Por un lado, eso permite estrangular económicamente al enemigo. Hacerlo invisible, dificultar las comparaciones, evitar que los colaboracionistas se sientan señalados por esos enojosos “Pepitos Grillos” que demuestran que con poco dinero se puede hacer buen cine, personal y decente. Siempre temen los que tratan de imponer sus reglas que pueda cundir el ejemplo de la disidencia, que los espectadores puedan preferir lo original, lo nuevo, lo sorprendente y lo propio a lo consabido, lo igual, lo esperado y lo uniforme. Hay reducir su cauce: cuanto menos rebeldes haya, mejor. Y si sus películas no dan dinero se deducirá que es que “no gustan”, para así deslegitimizar por completo las ayudas que puedan recibir, contando con que estas, con un poco de campaña en prensa, serán en principio rechazadas por aquellos que no sienten ningún interés por el cine y también por aquellos cuyo único interés es el estrictamente económico (y laboral: una película pobre paga menos y emplea menos gente y durante menos tiempo).

Por otro, con el apoyo generalizado de los medios de comunicación (pertenecientes todos a grupos que son partícipes crecientes en la producción de cine “standard” e interesados por deshacerse de competencia para sus series televisivas y por crear un nuevo “star system” casero, que luego tratarán de imponer en la pantalla grande), establecerán una falsa metáfora democrática, según la cual el público “elige” mayoritariamente ver el cine americano o el que la inversión publicitaria y la promoción del propio grupo multimedia convierte automáticamente en “comercial”. Para ello es esencial que no existan, en la práctica, otras alternativas: al menos en España, la mayor parte de lo más interesante que se hace en Europa y en el resto del mundo (incluso en los Estados Unidos) no se estrena, y las películas más taquilleras son las que el público tiene cerca de casa y copan el 90% de las pantallas (el 100% en los núcleos suburbanos, mientras se destierran las salas de cine de los centros urbanos).

Hasta el raro éxito de una película sin publicidad, que la crítica casi por milagro apoyase unánimemente, se ve reducido por su ausencia de vallas y espacios publicitarios y por su presencia exclusiva en una diminuta sala: aunque aguante en ella un año, la película en cuestión no entrará nunca en el “ranking” de las más taquilleras y sus ingresos totales serán ridiculizados frente a los obtenidos por los grandes éxitos del año. Se ocultará cuidadosamente que quizá amortice su bajo coste, desdeñando por principio todo lo que ha costado poco como “barato”, lo que no sucede con frecuencia con películas aparentemente mucho más comerciales, que han costado tanto y han invertido tanto en publicidad que un éxito espectacular pero efímero no permite amortizarlas por completo.
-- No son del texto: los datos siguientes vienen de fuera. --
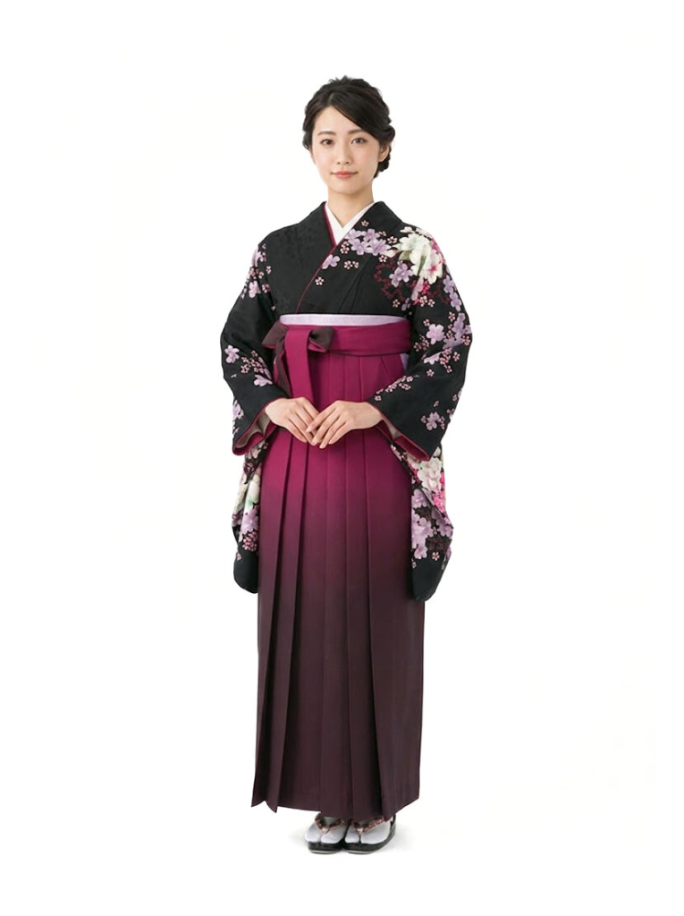 卒業袴|黒系|桜|R1087|対応身長:153-158cm|サイズ:7-13号
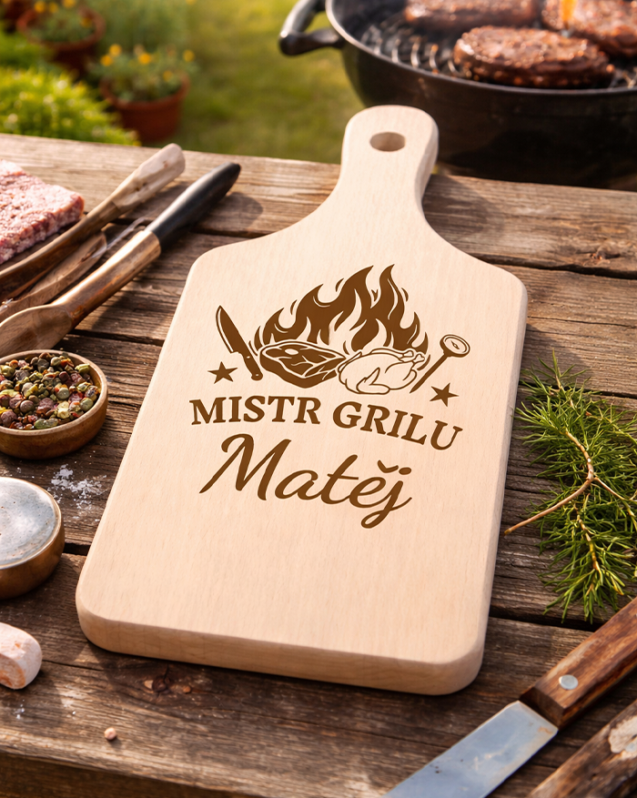 Motív Majster grilovania je jasný a hravý – ukazuje, že grilovanie beriete s vášňou a humorom. Rozmery sú ideálne na prípravu jednohubiek, steakov alebo syrov. Vyrobené z kvalitného dreva, ktoré vydrží opakované používanie. Meno na výber – dodajte doske osobný nádych a urobte z nej jedinečný darček.

La exigencia de éxito inmediato (en el primer fin de semana se juegan todo), paradójicamente mucho mayor que cuando los tipos de interés triplicaban o cuadruplicaban los actuales, sirve para expulsar inmediatamente de las salas a las películas estrenadas el viernes sin publicidad alguna, impidiendo que se corra la nueva de su interés a través del “boca a oreja”, el más eficaz y fiable, pero el más lento. Los cinéfilos deberían recurrir al SMS y al correo electrónico para apoyar con la urgencia propia de la situación las películas que les gusten y que quieran que se sigan haciendo. Y debieran evitar, como sugirió hace poco Jordi Balló, por mucho que le intriguen, ver en las primeras tres semanas las películas de éxito garantizado por su precalientamiento y cobertura mediática y por su ocupación masiva de las pantallas.

Este problema, grave en toda Europa, lo es más en España que en otros países, pero no debería oscurecer su versión a escala continental: el espacio único europeo y la libertad de circulación dentro de la Unión Europea no existe más que para el cine americano. Las películas europeas, en general, no circulan apenas en territorio nacional, prácticamente nada en el comunitario. Quizá habría que dotar fondos europeos para constituir una distribuidora de la Unión Europea, con amplia cobertura, y que se ocupara de difundir el cine europeo en otros continentes. Sería más útil que fomentar infraestructuras que sólo pueden utilizar los más poderosos o cuyo objetivo es alquilar platós, material y equipos a superproducciones americanas sedientas de reducir costes.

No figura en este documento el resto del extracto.